The Times followed up with a story the next day that focused mainly on the notes and drawings of one unnamed individual who had described some proposed new weapons that a reporter for the London Sunday Times had described as "unnerving for the layman." The New York Times story by Rhode and James Glanz countered that opinion with evidence provided by scientists that the grandiose weapons for which this individual had drawn up plans were totally impractical.

"But," the Times said, "chemical formulas written by him and by another man, a Bosnian, who left notes behind at the Taliban Defense Ministry in the same quarter of Kabul, show clearly that they knew how to make crude explosives. In an apparent reference to the Oklahoma City bombing by Timothy McVeigh, one chemical formula at the Defense Ministry is annotated in Bosnian, ‘Was used in Oklahoma.’" This had been described toward the end of Rhode’s story the previous day a little differently. Discussing the house that bore the Taliban and Ministry of Defense seals, Rhode had written, "Upstairs, a room labeled ‘special office,’ had been mostly emptied, but numerous papers remained in desk drawers. Most of them were notebooks from students. One gave a detailed description of various ways to make nitroglycerin, dynamite and fertilizer bombs. A note next to one of the explosive formulas said, ‘the type used in Oklahoma.’"

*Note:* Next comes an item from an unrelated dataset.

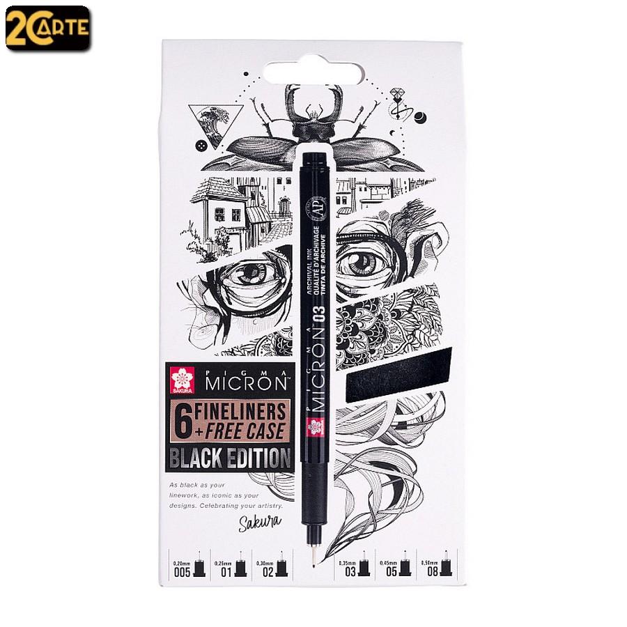 I fineliner preferiti dai designer, i Pigma Micron, arrivano ora in una raffinata Black Edition. Non perdere questa elegante versione completamente nera della penna iconica di Sakura, dotata della celebre e affidabile inchiostrazione nera Pigma. Il set Black Edition Pigma Micron include anche un pratico astuccio in feltro in omaggio.

That was the biggest news in the story if the formula was not ammonium nitrate and fuel oil, the ANFO bomb that Timothy McVeigh is supposed to have used to blow up the Murrah Building. "Supposed to have used" has to be said because there is a lot of evidence that an ANFO bomb alone could not have caused all the damage done to the Murrah Building and that smaller powerful bombs inside the building caused much, if not most, of it. Since the ANFO that the FBI says was in the Ryder truck failed to demolish a low concrete wall between it and the building, or knock down a nearby lamp post, it could not have destroyed the more distant reinforced concrete building.

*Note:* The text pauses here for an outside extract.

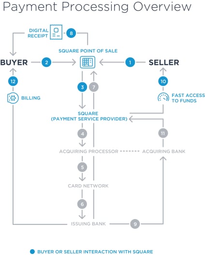 But behind the scenes, Square relies on its own Acquiring Processor that is an intermediary to the card networks and issuing banks. Take a look at this chart within the S-1 that lays out each step of the payment process.
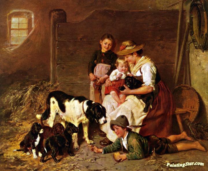 The New Puppies, Art Painting by Adolf Eberle

The inspector general of the Justice Department said in his report on the FBI Crime Laboratory that the FBI analysis of the Oklahoma City case "merits special censure" because conclusions about an ANFO bomb were "incomplete," "inappropriate," "flawed," and nonscientific.

If Al Qaeda knew more than the FBI about the formula for the bombs used in Oklahoma City, that would show that it was involved in the bombing. The New York Times failed to acknowledge this, perhaps because its story did not make it crystal clear that the notation, "the type used in Oklahoma," meant that in Oklahoma, bombs made of nitroglycerin, dynamite and ammonium nitrate (a fertilizer), not just ANFO, were used.

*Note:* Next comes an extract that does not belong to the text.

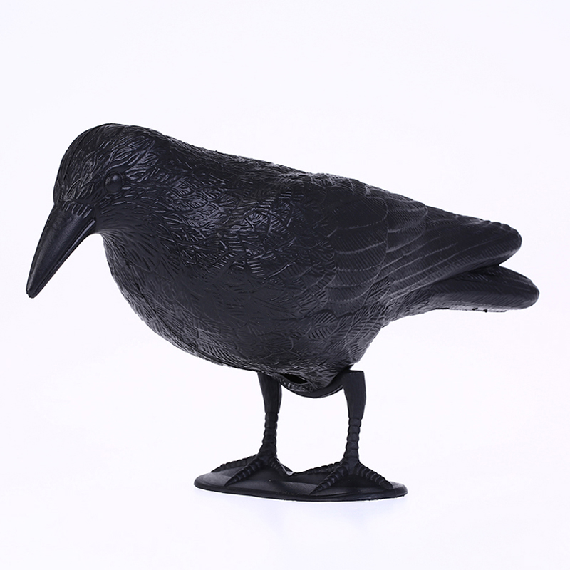 - Kan hænge på træet eller stå på jorden. Hang på hovedet for at skræmme krager og ravne. Hæng det højre side op for at skræmme andre fugle som duer.

A London Sunday Times story featured the information about the Oklahoma bomb and made it clear that the formula was not ANFO. It said, "On one page, under the title Explosivija za Oklahomu, the owner of the notebook had scribbled formulas with inscriptions in English for TNT, ammonium nitrate and nitroglycerine. The Oklahoma bomb was made from ammonium nitrate and fuel oil."

That made it clear that there was a difference, but the story didn’t discuss its signifi-cance—the revelation that more sophisticated bombs were used in Oklahoma City and bin Laden knew it. This suggests that the Murrah Building was his second attack on a U.S. building. Many people saw swarthy John Does with McVeigh and Nichols. It is believed that they are shown on surveillance tapes the FBI seized. The Kabul discovery should force the release of those tapes and a revival of the search for the John Does.